§ ASSIGNMENT: Among the entries below, one stretch runs from the line that contains "Pompadour ring in" through the line that contains "会上,晨光文具品牌部总监郭轶". Repeat that stretch exactly, ends included, and only that.

§ DATA SECTION:
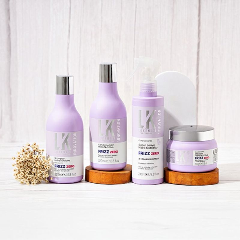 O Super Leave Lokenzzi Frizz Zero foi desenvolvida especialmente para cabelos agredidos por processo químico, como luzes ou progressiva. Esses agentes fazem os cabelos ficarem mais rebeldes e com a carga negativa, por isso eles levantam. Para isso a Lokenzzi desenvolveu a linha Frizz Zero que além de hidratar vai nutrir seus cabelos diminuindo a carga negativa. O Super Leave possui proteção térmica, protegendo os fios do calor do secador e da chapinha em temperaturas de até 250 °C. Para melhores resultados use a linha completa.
...
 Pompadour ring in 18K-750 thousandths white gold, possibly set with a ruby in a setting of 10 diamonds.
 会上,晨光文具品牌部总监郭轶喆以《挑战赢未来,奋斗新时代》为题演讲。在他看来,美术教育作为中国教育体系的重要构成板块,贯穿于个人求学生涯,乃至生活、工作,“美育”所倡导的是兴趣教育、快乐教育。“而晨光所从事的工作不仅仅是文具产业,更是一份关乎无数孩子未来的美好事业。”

§ REPLY TO THE EXERCISE:
 Pompadour ring in 18K-750 thousandths white gold, possibly set with a ruby in a setting of 10 diamonds.
 会上,晨光文具品牌部总监郭轶喆以《挑战赢未来,奋斗新时代》为题演讲。在他看来,美术教育作为中国教育体系的重要构成板块,贯穿于个人求学生涯,乃至生活、工作,“美育”所倡导的是兴趣教育、快乐教育。“而晨光所从事的工作不仅仅是文具产业,更是一份关乎无数孩子未来的美好事业。”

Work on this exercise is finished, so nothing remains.